**PROBLEM REQUIREMENTS**.
Return the records word for word. Pictures do not belong in the copy.
Start of RECORDED INFORMATION
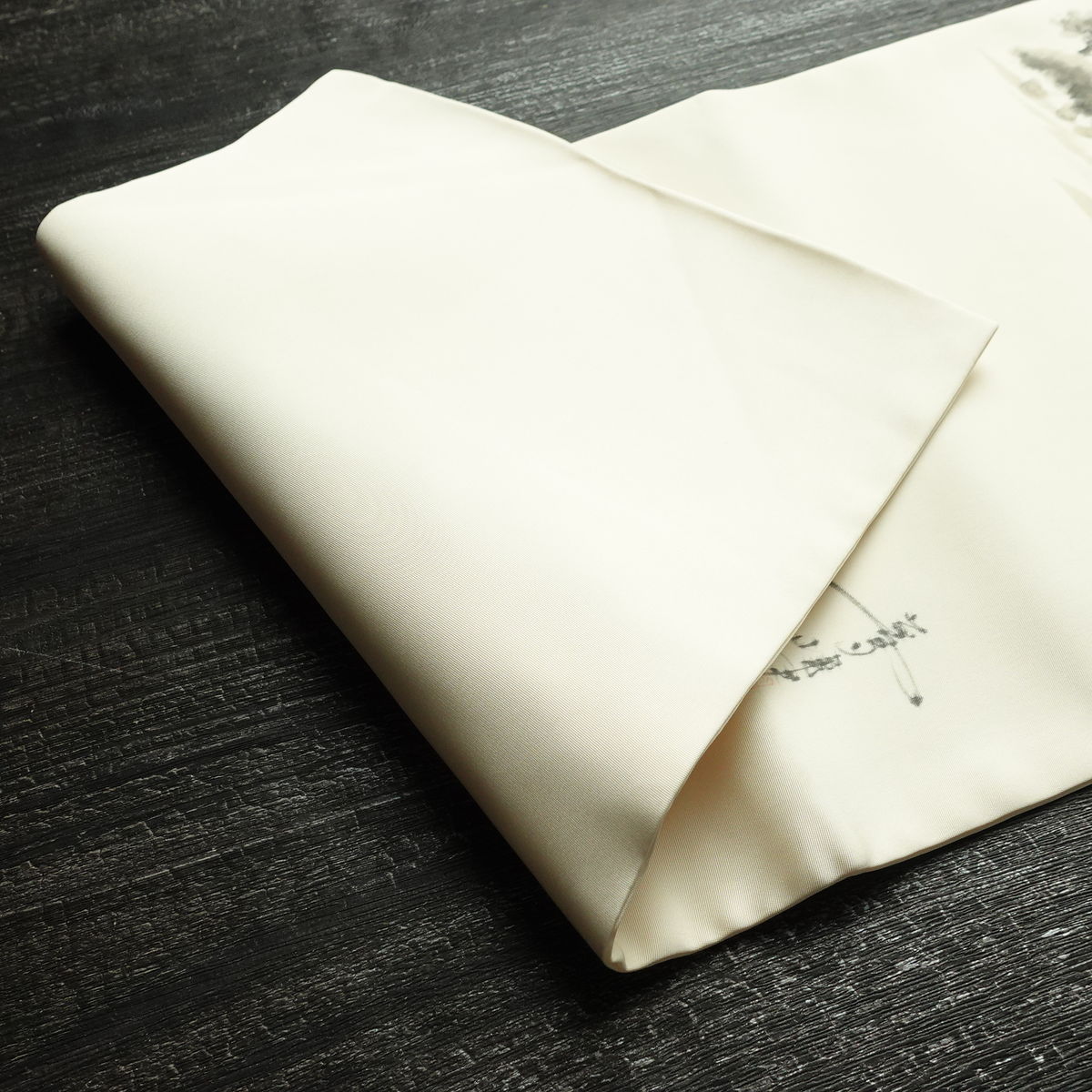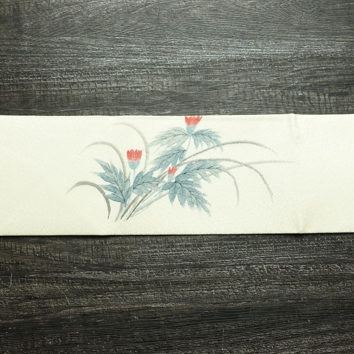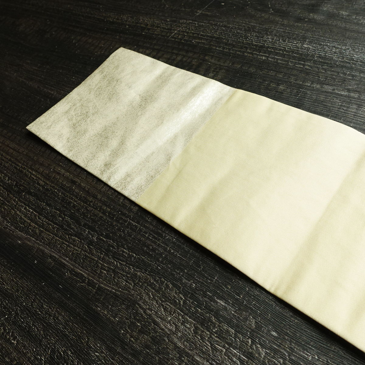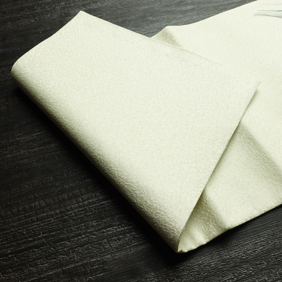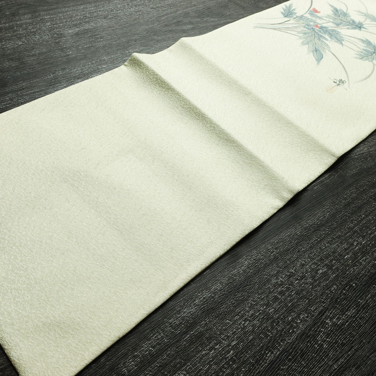 名古屋帯 太鼓柄 美品 落款入り 正絹 木の葉・植物柄 名古屋仕立て なごや帯 リサイクル帯 帯 白
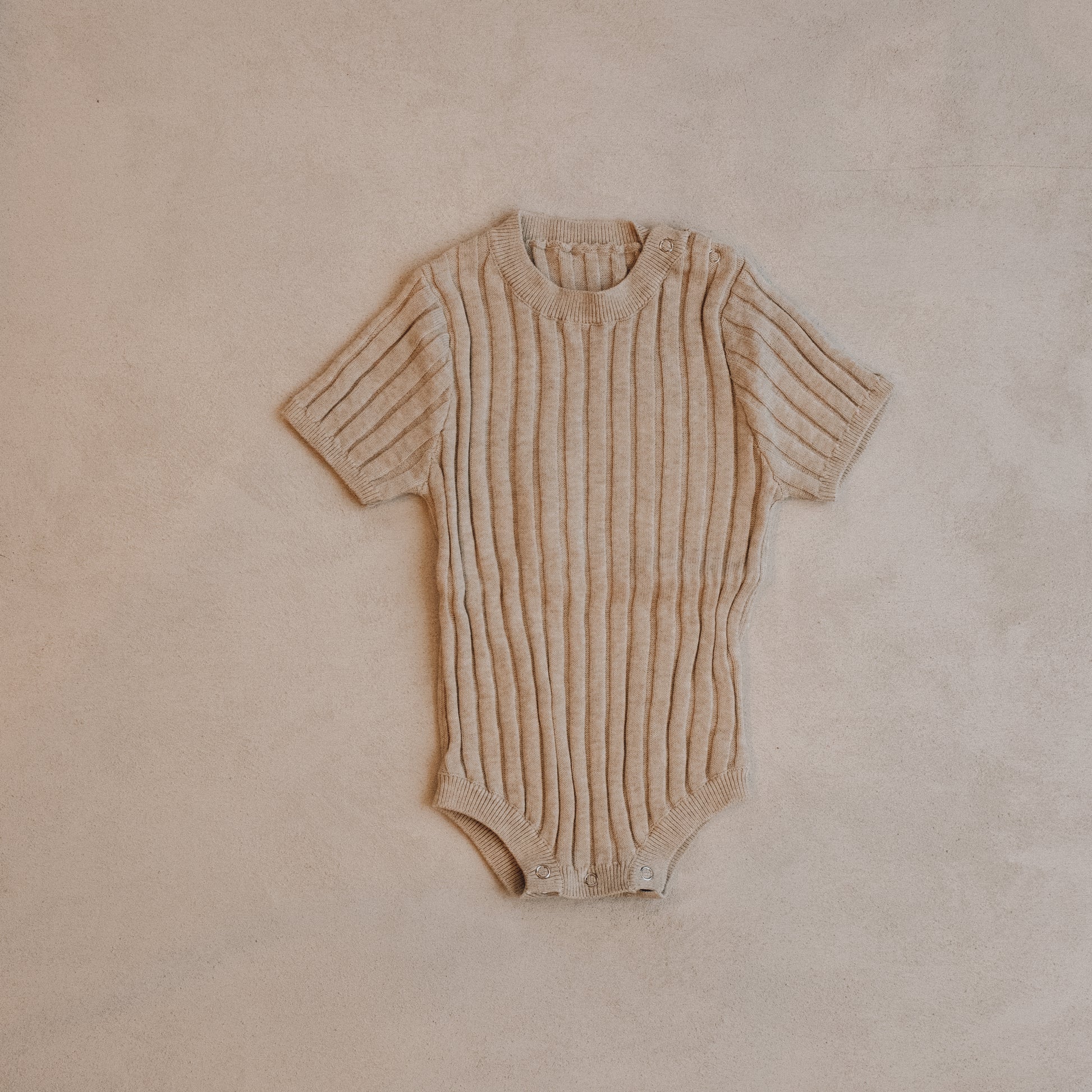 A beautifully crafted oatmeal creamy ribbed romper made from a fine, lightweight knit. Designed with short sleeves and poppers at the bottom for easy changes, it offers exceptional quality and comfort — perfect for everyday wear and warmer days.
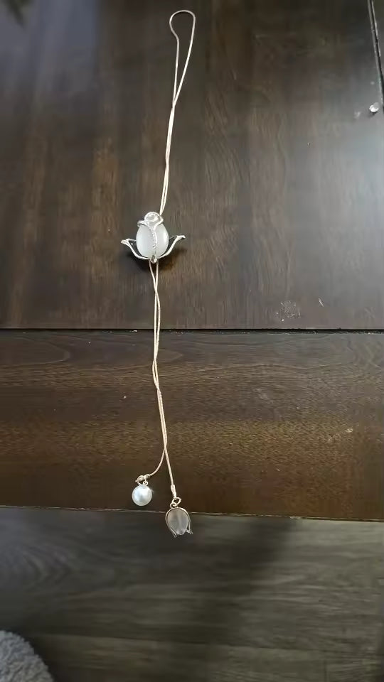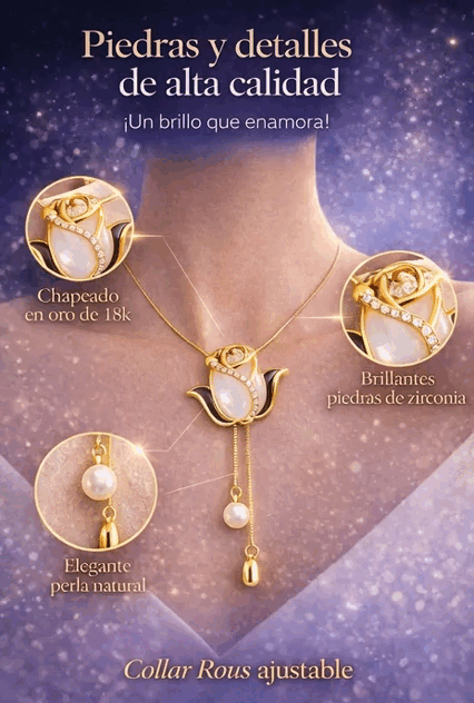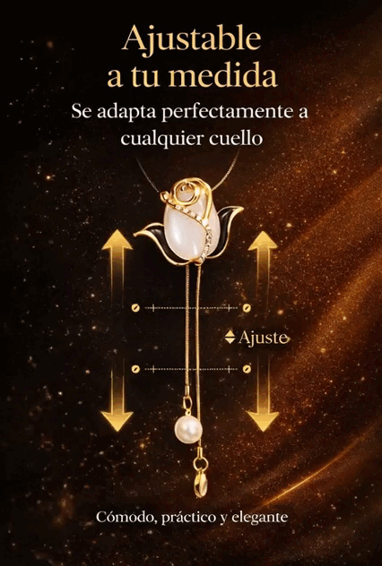 El Rosa Lariat cuenta con un sistema ajustable tipo lariat que te permite modificar el largo del collar según tu escote, outfit u ocasión.
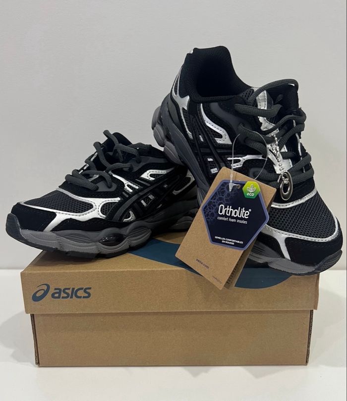 Chaussure Asics GEL Neuf jamais porté dans la boîte Taille 35 Couleur Noir et Grise Envoie rapide et soigner sous 24/48h Plusieurs tailles disponible du 30 au 35
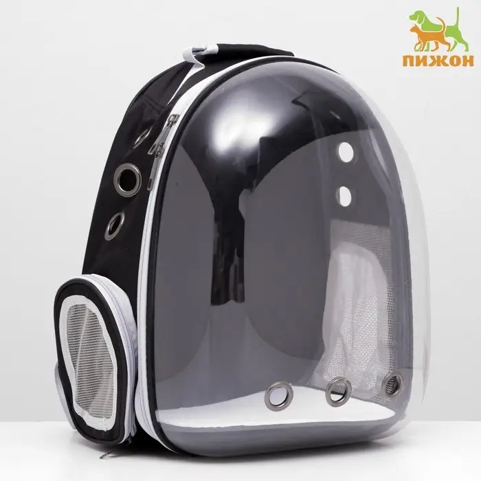 Рюкзак для переноски животных прозрачный, 31 х 28 х 42 см, чёрный
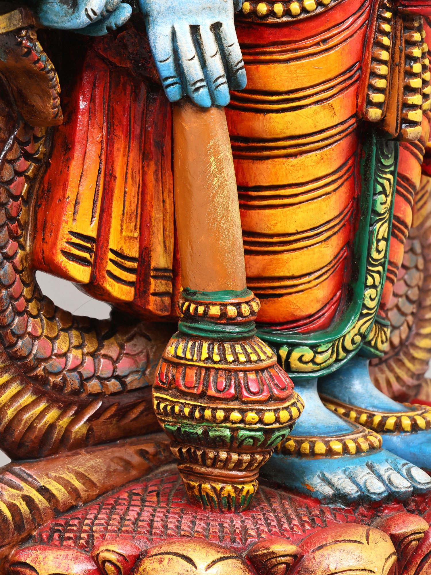 24" Colorful Standing Lord Vishnu | Wood Carving
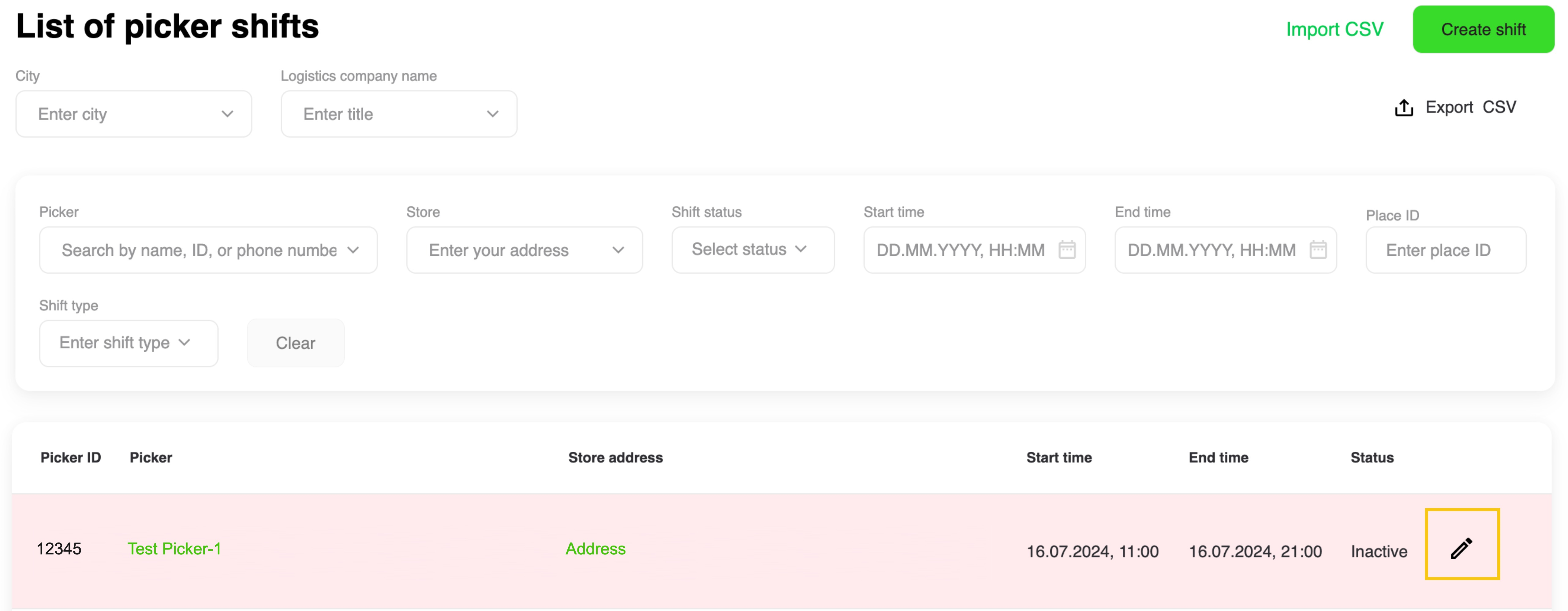 Select a picker, a shop for his work and set a shift time.
End of RECORDED INFORMATION
**RESULT**.
 名古屋帯 太鼓柄 美品 落款入り 正絹 木の葉・植物柄 名古屋仕立て なごや帯 リサイクル帯 帯 白
 A beautifully crafted oatmeal creamy ribbed romper made from a fine, lightweight knit. Designed with short sleeves and poppers at the bottom for easy changes, it offers exceptional quality and comfort — perfect for everyday wear and warmer days.
 El Rosa Lariat cuenta con un sistema ajustable tipo lariat que te permite modificar el largo del collar según tu escote, outfit u ocasión.
 Chaussure Asics GEL Neuf jamais porté dans la boîte Taille 35 Couleur Noir et Grise Envoie rapide et soigner sous 24/48h Plusieurs tailles disponible du 30 au 35
 Рюкзак для переноски животных прозрачный, 31 х 28 х 42 см, чёрный
 24" Colorful Standing Lord Vishnu | Wood Carving
 Select a picker, a shop for his work and set a shift time.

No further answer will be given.